Today, living amid a humiliating barrage of advertising jingles, delirious collectivism and relentless imitation, the individual American sorely wants to project a “correct” image.
The demeaning consumer message of our American mass society is everywhere, even in the universities. Here, for the most part, mimicry and repetition define “excellence.”
Today, almost all higher education is plainly vocational. We generally graduate newly minted PhDs, MDs, JDs and MBAs who know almost nothing but how to progress in their own fields. They may turn out to be perfectly good teachers, doctors, lawyers and accountants, but they are nonetheless trained, not educated.

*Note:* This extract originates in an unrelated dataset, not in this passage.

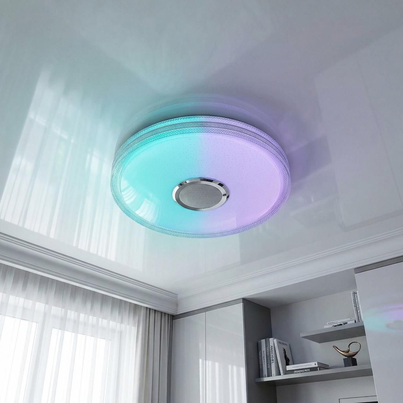 Мультимедійний освітлювальний прилад, що об'єднує функції джерела основного світла, декоративного підсвічування та акустичної системи. Модель підтримує інтеграцію в систему «розумного дому» через мобільний додаток TUYA Smart.
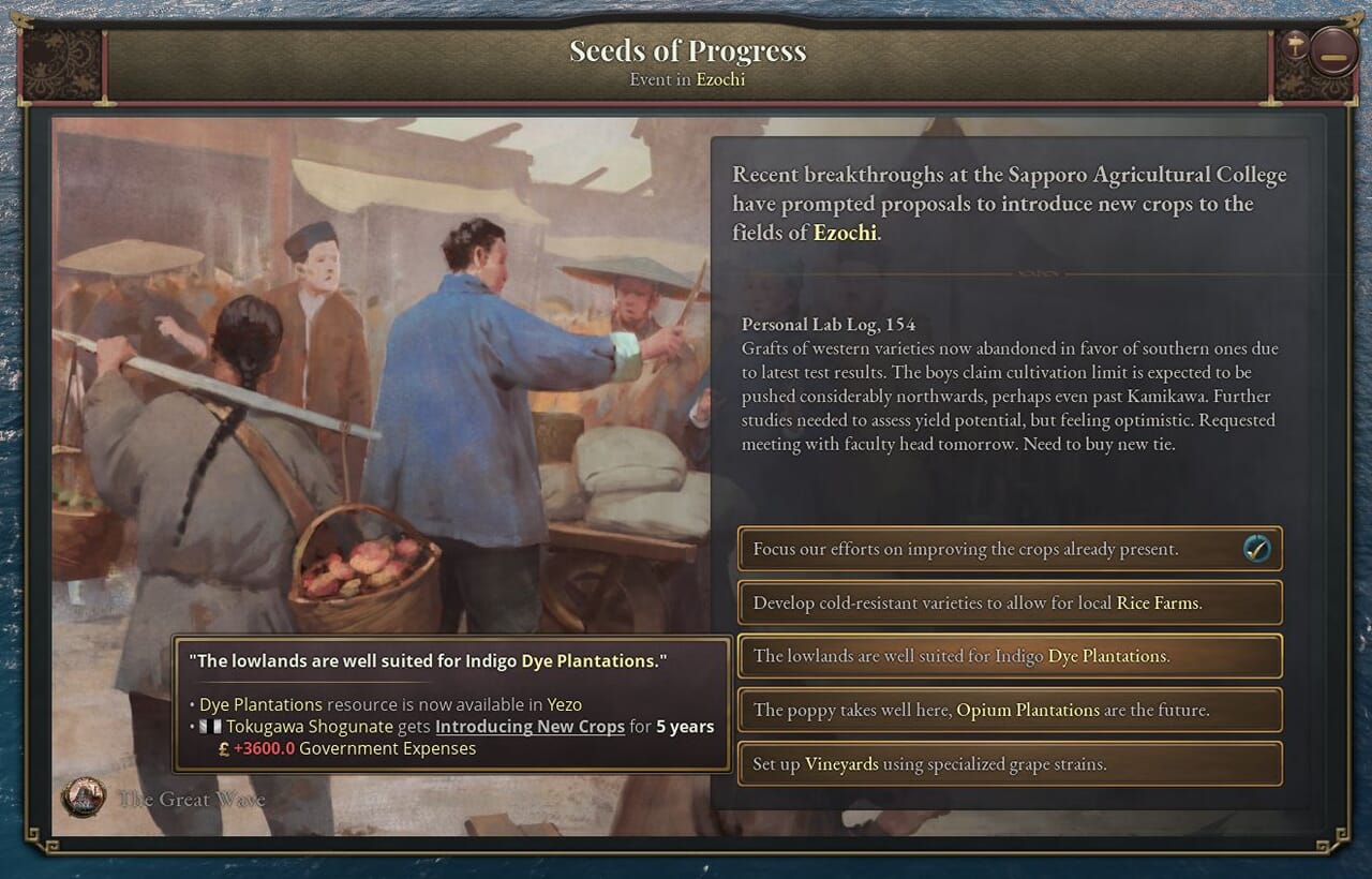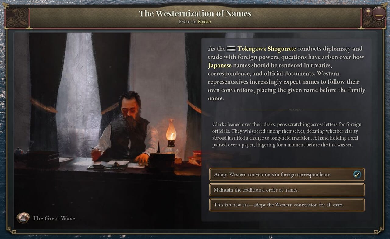 「Victoria 3」開発日記#179が公開されていましたので、その内容をご紹介。今回は「The Great Wave」の物語コンテンツについて。1.13リリース前の開発日記です。

Do we want a genuinely robust economy and a stable stock market? Then we must first reorient our society from its corrupted ambience of mass taste to a more cultivated environment of thought and feeling. There is great beauty in the world, but it is best not to search for it at the bank, the video store or the shopping mall.
Even in that very large segment of Main Street that knows little of Wall Street, there is deepening anxiety and tangible unhappiness. Taught that respect and success lie in high salaries and corollary patterns of consumption, the American public dutifully worships the commonplace.
Wall Street remains a product of mass society. Such a mutually destructive dependence can never succeed. We must soon create conditions whereby each of us can feel important and alive without surrendering to manufactured images of power and status.
Without such conditions, millions of Americans will continue to seek comfort in mind-numbing music, mountains of drugs and oceans of alcohol.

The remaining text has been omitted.